The actions of a pair of people in a strong relation are also strongly shaped by a set of mutual expectations. And in a complex relation, there can be a large number of possible equilibria. Furthermore, while a pair might intentionally change their equilibria more easily than can a hundred, such change is may still be hard. Accidental changes, in contrast, may happen often.
We are quite picky about starting new romantic relations, and wait for unusually positive signals before doing so. We then approach our new romances with many diverse expectations drawn from songs, movies, etc., as well as from our family and prior romances. We also care a lot about the details of our partner’s motives and intentions, and their expectations of those in us, even though these things are hard to see.
We can thus fall into a wide range of initial relation equilibria, especially at first, when we know the least about each other. Also, we seem to follow norms of trying to see the best in new relations, and trying to at least not contradict our partner’s initial interpretations of us. And we often misinterpret random changes in our partner’s energy, mood, or focus as signs about their changing attitudes toward us.

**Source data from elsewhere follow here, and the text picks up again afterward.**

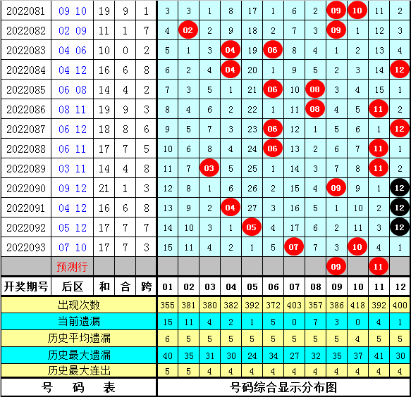 后区号码分析:在前7周星期三开奖中,后区奇偶号码个数比为3:11,偶数号码出现较热,后区大小号码个数比为7:7,大小号码开出个数基本持平,本期后区防全大组合,关注号码07、09、11、12,精选两码09、11。
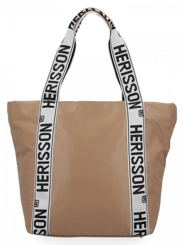 Velká dámská nylonová shopper kabelka přes rameno béžová
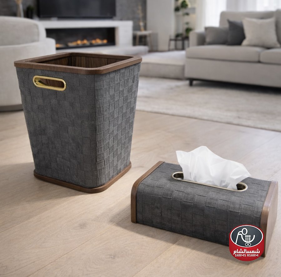 طقم سلة مهملات وبكيت محارم بتصميم عصري بنقشة نسجية أنيقة تناسب الديكور الحديث.
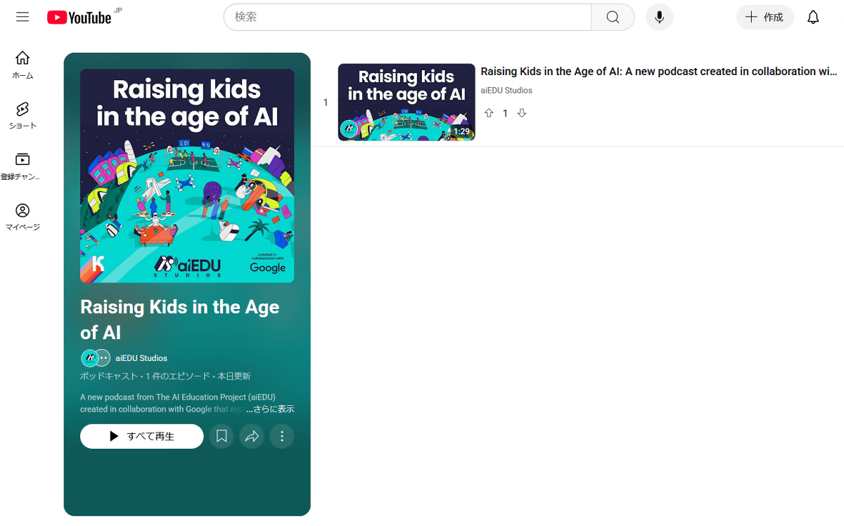 「Raising kids in the age of AI」はAIリテラシーの学習環境を提供する非営利団体のAI Education Project (aiEDU)とGoogleが共同制作したポッドキャストコンテンツです。AIが学習と教育の未来をどのように向上させるかについて、専門家の視点から解説するとのことで、2025年9月25日からエピソードが配信されるとのことです。
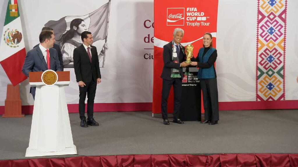 A 100 días del arranque de la Copa del Mundo 2026, la presidenta de México, Claudia Sheinbaum Pardo, recibió y levantó el trofeo que se entregará al campeón del torneo organizado por México, Estados Unidos y Canadá.

Random features of further interactions may suggest new or refined interpretations, which we may then also try to accommodate. In this way, a relation may drift through many equilibria over the course of a few years. How that relation is experienced by those partners also changes as equilibria change. And since the initial interaction vibe was selected for being unusually good, the changes after that will on average be bad. Until the relation seems to someone too hopeless to continue, and they break up.
You may have vivid memories of how your past romances went bad over time, even though the two of you didn’t actually change much over that period, You might remember how the two of you repeatedly fell into different interaction vibes, yet had little idea of why, or of how to move to better vibes.
If you can see how hard it is for a couple to manage the drift of their pairwise culture, you might get how much harder it is for a CEO to steer his or her corporate culture away from drifting into dysfunction and bankruptcy over time. Or for our world monoculture to prevent its decline into maladaption. In all three cases, selection is the main force limiting decay. So if our world monoculture is undergoing little selection, it is likely also drifting into maladaption.
Added 21Mar: Relation decay has been measured empirically.
Interesting take. It sounds though like you're saying less that selection pressures are playing a role in relationship decline and more that relationships are naturally initiated at a relative high point and thereafter often dissolved when the relationship returns to the mean. I hadn't considered it that way and it's certainly an intriguing thought to apply to something like the rise and fall of empires.
I'm not sure that's all there is to it though. There's an old joke that I've long found has a kernel of truth to it: "A woman marries a man believing that he'll change; a man marries a woman believing that she won't. Often, neither are correct." Given that divorces are overwhelmingly initiated by the wife, I'm inclined to think an awful lot of relationships started in an overlap state of what he considered an acceptable ceiling and she considered an acceptable floor and end when she realizes this fact.
Just random thoughts though. Good article, very thought provoking.
This is so serendipitous - I was just thinking about how an issue more generally is that with post-modernist thinking, we are more inclined to change our strategies situationally. While this is a great vehicle for critique, it also means that partnerships are not indexing on the same strategies. This, in effect, means we are unable to promote accountability, learn and make progress. Shared strategies only work if they are in fact, shared!